The third is the process whereby the ECB bent its own rules, and launched quantitative easing in 2012 as the means to defuse speculation in global financial markets that was threatening to tear the Eurozone apart. The result, among other things, was to raise serious questions, especially in Germany, about the legitimacy of the ECB’s policies. In the longer term, the ECB’s salvaging of the Eurozone, the author writes, entailed “appalling” costs: the overturning of the democratically elected governments of Italy and Greece; the tutelage of Ireland and Portugal under the IMF; brutal recession in Spain; mass unemployment, especially in southern Europe; business confidence in the cellar; and a rising German trade surplus with the Eurozone and the rest of the world.

Part IV is entitled Aftershocks, composed of seven chapters, including one “the shape of things to come”, an effort to peer through the dark glass of the future. The chapter essentially asks the question whether the crash in the heartlands of the world economy-the Atlantic-will spill into emerging markets. In this section, Tooze analyses the emergence of “populisms”, in the US and in Europe, the cooling of US relations with China, and the EU’s -and NATO’s-flawed handling of relations with Russia. In the US, he writes, “America’s downward slide, the long-running trends towards inequality and oligarchy, the disaster of 2008, the lopsided recovery from it, were all symptoms of the profound corruption brought about by government meddling and its capture by interest groups”. In the slogan of the post-crash Occupy movement, “the system isn’t broken, its rigged”.

Obama’s election in 2008 to the presidency did nothing to reverse the trend. In fact, his rescue of the banks, and counter-cyclical policies further aggravated inequalities. These, Tooze points out, citing a study covering over three decades, have been steadily worsening[4]as the life expectancy of the white working class continues to fall, hostility to Washington DC mounts, the Tea Party flashes across the darkening political skies, confidence in the American Dream fades, and eventually in 2017, Donald Trump gets elected to the Presidency.

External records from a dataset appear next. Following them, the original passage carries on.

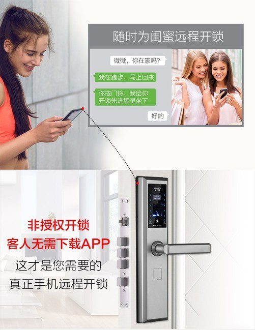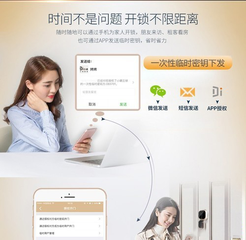 上文提到的一次性密码需要单独记忆,而现如今很多智能锁都可以进行远程连接。于是很多厂家就将远程连接(非远程开门)加入到智能锁的功能中,而“远程临时密码”功能就是代替“远程控制”的功能。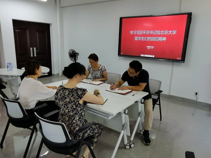 学习习近平总书记给北京大学留学生的回信后,大家纷纷表示:我们要深刻领会把握回信的重大意义,要提高政治站位,要认真学习党史,学习革命家艰苦创业精神,要组织好红色筑梦之旅活功,引导学生走进革命老区、贫困地区和城乡社区,接受思想洗礼、加强实践锻炼。扎实做好学史明理,学史增信,学史崇德,学史力行,进一步推动学生思想政治教育高质量发展。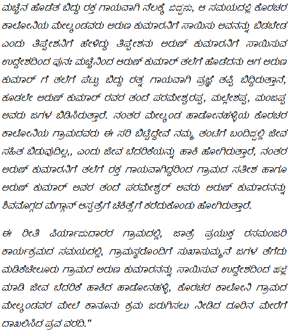 3. Thereafter, one of the members of the said group, who had already come with machete, had assaulted Arun Kumar-appellant No.2, son of appellant No.1 causing severe bleeding injuries. Due to which the said Arun Kumar-appellant No.2 fell unconscious to the ground. The said persons had further instigated one Thippesh to finish off Arun Kumar- appellant No.2. However with the intervention of appellant No.1 herein, Malleshappa and Manjapppa, the said Arun Kumar-appellant No.2 was taken to McGANN Hospital for treatment.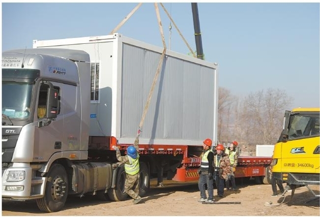 随着积石山县抗震救灾进入到受灾群众生活安置阶段,各路建设援助力量开足马力,组织人手加快对受灾严重的积石山县大河家镇、刘集乡、柳沟乡、石塬镇等乡镇的安置点进行路面和场地平整,加快进行活动板房运输、安装和通电工作,同步加快卫生间和水房等配套设施建设。

Meanwhile, the EU, pulled by Poland’s fears of Russia-he writes-drifts into conflict with Moscow over the Ukraine, further widening the gap in public opinions either side of the Atlantic. A notable change is the trend in German public opinion not to trust the US as an ally.[5]Tooze rightly mentions Moscow’s turn to China as a component of Moscow’s anti-western stance. But Tooze also notes Moscow’s deep reservation at moving too close to the emerging giant of the Asian continent. Although Tooze does not make much of it, he points out that Germany sided with Russia and China over Iraq (2003); Libya(2011) and-confirming Yanis Varoufakis’ account- [6]he writes that the US, China and Russia all declined to help Greece, on the grounds that they would not meddle in Germany’s sphere of interest. With clear leadership from Berlin, he adds, the EU-27 agreed to a “tough bargaining position” over the Brexit melodrama.

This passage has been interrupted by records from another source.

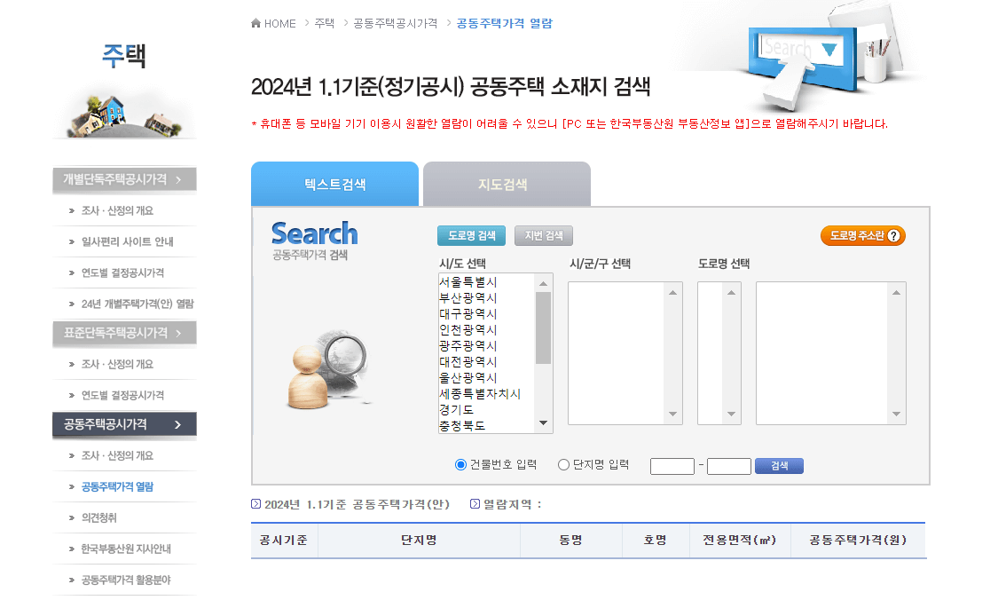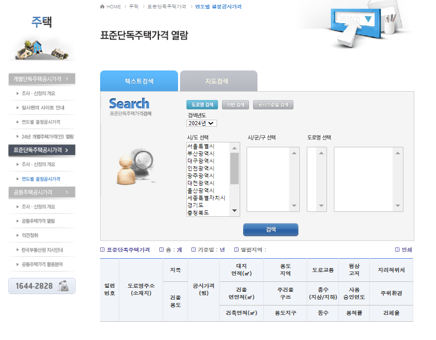 사이트에서 표준주택 버튼을 눌러서 들어가시면 됩니다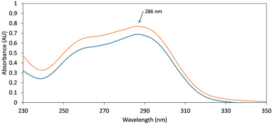 UV spectroscopic studies were conducted to demonstrate the incorporation of the active ingredient into the fibrous mats and to quantify its concentration. Representative overlaid UV spectra are displayed in Figure 5, indicating that the same absorbance maxima at 286 nm can be observed in both cases: standard solution and the sample solution prepared from the FEN loaded HP-β-CD fibers. Furthermore, the quantitative results indicated loading efficiency values close to 100% (average loading efficiency = 97.2%), with a low standard deviation, indicating a homogenous dispersion of the active substance in the fibers (Table 1).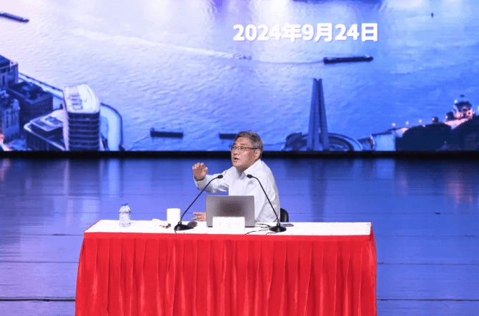 2024级国际关系与公共事务学院社会科学试验2班的谢慧爱提问,“当前中国应如何应对国际关系上的风险挑战以服务产业升级?作为‘五大中心’的上海如何贡献力量?”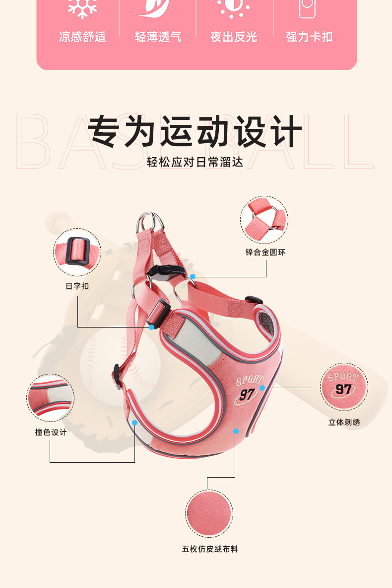 새로운 빈티지 야구 세트 대학 스타일의 통기성 메쉬 개 가슴 스트랩 폭발 방지 조끼 반사 가슴 스트랩스토어 가기

Arguably the punchline of Tooze’ indispensable account of the crash of 2008, and of its aftermath, runs: “Financial globalization that Greenspan(the former head of the Fed) and his ilk had worked so hard to institutionalise as a quasi-natural process had been exposed as just that-an institution, an artifact of deliberate political and legal construction with stark consequences for the distribution of wealth and power”. (p.575) The political in political economy, he ends, deserves to be taken seriously.



Mody’s book is very different. It is about the genesis and execution of the Euro.  His introductory chapter, entitled “Europe ends up someplace else”, asks the following questions: Why did the Europeans attempt such a venture that carried no obvious benefits and such high risks? How did they reconcile its obvious contradictions? How did those contradictions play out once the Euro was launched? And, where has Europe ended up? The short answer is: not where it intended.

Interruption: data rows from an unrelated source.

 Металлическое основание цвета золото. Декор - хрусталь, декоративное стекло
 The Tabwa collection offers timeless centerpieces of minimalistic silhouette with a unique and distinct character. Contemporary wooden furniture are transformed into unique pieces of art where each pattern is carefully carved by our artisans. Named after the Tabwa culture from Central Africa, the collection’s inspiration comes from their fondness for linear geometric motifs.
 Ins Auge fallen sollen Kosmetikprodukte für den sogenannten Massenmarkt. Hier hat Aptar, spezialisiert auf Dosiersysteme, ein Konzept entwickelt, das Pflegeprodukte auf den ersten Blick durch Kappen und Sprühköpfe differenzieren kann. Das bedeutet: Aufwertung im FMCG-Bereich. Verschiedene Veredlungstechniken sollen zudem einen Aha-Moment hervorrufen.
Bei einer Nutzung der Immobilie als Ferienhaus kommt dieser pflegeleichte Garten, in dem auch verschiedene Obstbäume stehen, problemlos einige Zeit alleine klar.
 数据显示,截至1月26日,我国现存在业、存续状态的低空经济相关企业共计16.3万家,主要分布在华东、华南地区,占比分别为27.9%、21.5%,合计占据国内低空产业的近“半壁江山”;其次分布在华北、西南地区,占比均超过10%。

The origins of the single currency, Mody correctly writes, is a French initiative, the logic being that a single currency rather than a multi-currency system in Europe, would gain France greater equality with Germany. The DM, in short, would not rule the roost. How to get there, when the German population after the war was so devoted to the DM?

Mody deploys two concepts, which are not part of the Brussels in-house vocabulary: “falling forward”, which is a rather more graphic rendering of “the spillover effect”-the well used EU-speak which signifies that once one policy is embedded irreversibly in the acquis communautaire, by its own internal logic, the process leads on to further policy initatives. The process is familiar: the Commission proposes; the member states negotiate and legislate, the ECJ judges in the light of the Treaty terminology of “ever close union”, and of its own body of case law; and the states implement. Integration is ever tighter; policy is ever more centralized; nation state powers are ever more hollowed out.

The second concept is group think. Despite the powerful arguments against the single currency, levelled from its very inception, its advocates and servants show an unwavering belief in the correctness of their actions. On the way to Maastricht, the history he tells is if you fail once, try again, and again until you succeed. In the Maastricht Treaty negotiations, success came but on German terms. And those terms have proved not to be temporary, but have helped to enthrone Germany as more equal than others, to paraphrase George Orwell. The evidence, he writes in his introduction, is that what has been will continue to be: group think will continue to prevail, and sovereign barriers to its success will continue to flourish. “True pro-European values can flourish only when the bonds that tie Europe so tightly today are loosened”(p.22).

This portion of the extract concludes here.